The study of approximation algorithms in bounded dimensional Euclidean spaces is quite fruitful. For instance, the celebrated result by [Arora 98] presents PTASes for several variations of TSP and Stiener tree problems. However, the techniques heavily reply on the geometry of the Euclidean spaces, and it is an important question that whether the bounded dimensionality is sufficient for the existence of PTASes, without the need of Euclidean properties (such as vector representation and geometric properties).

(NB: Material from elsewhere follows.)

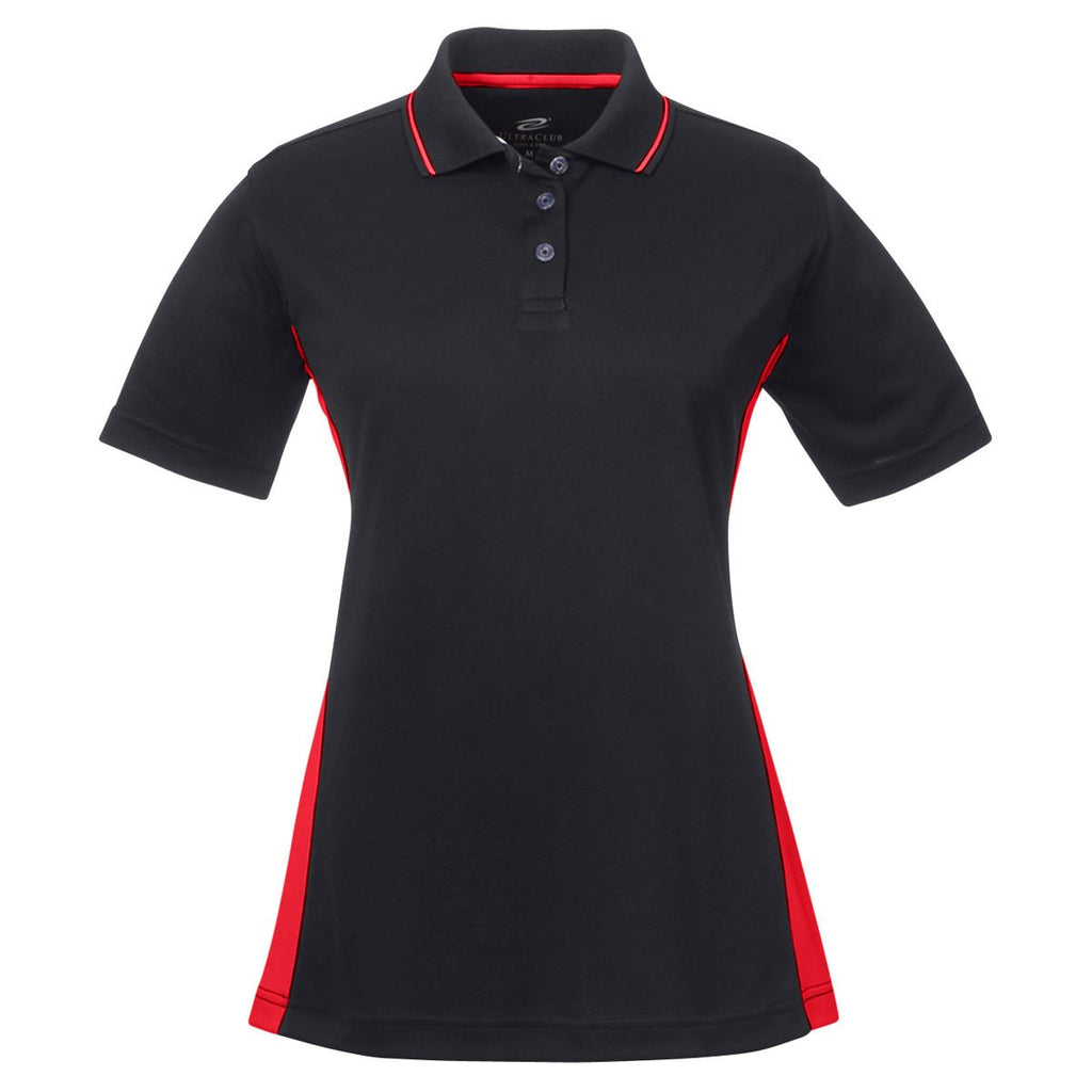 UltraClub Women's Black/Red Cool & Dry Sport Two-Tone Polo

The notion of doubling dimension is widely considered for measuring the intrinsic dimensionality of a metric space. Previous works showed that doubling dimension is more general than many measure of dimensionality. In particular, it is a generalization of Euclidean dimension while it does not possess Euclidean properties.
In this talk, we discuss several recent results on approximation algorithms in doubling metrics (metric spaces with bounded doubling dimension).
We start with an introduction to doubling metrics. Then we talk about a QPTAS for TSP in doubling metrics which is based on [Talwar, STOC 04]., PTASes for variations of TSP in doubling metrics, which is based on [Bartal, Gottlieb, Krauthgammer, STOC 12] and [Chan, Jiang, SODA 16].
We also introduce a very recent result - a PTAS for the Stiener forest problem in doubling metrics, which is based on [Chan, Hu, Jiang, FOCS 16].
We conclude by proposing some open questions.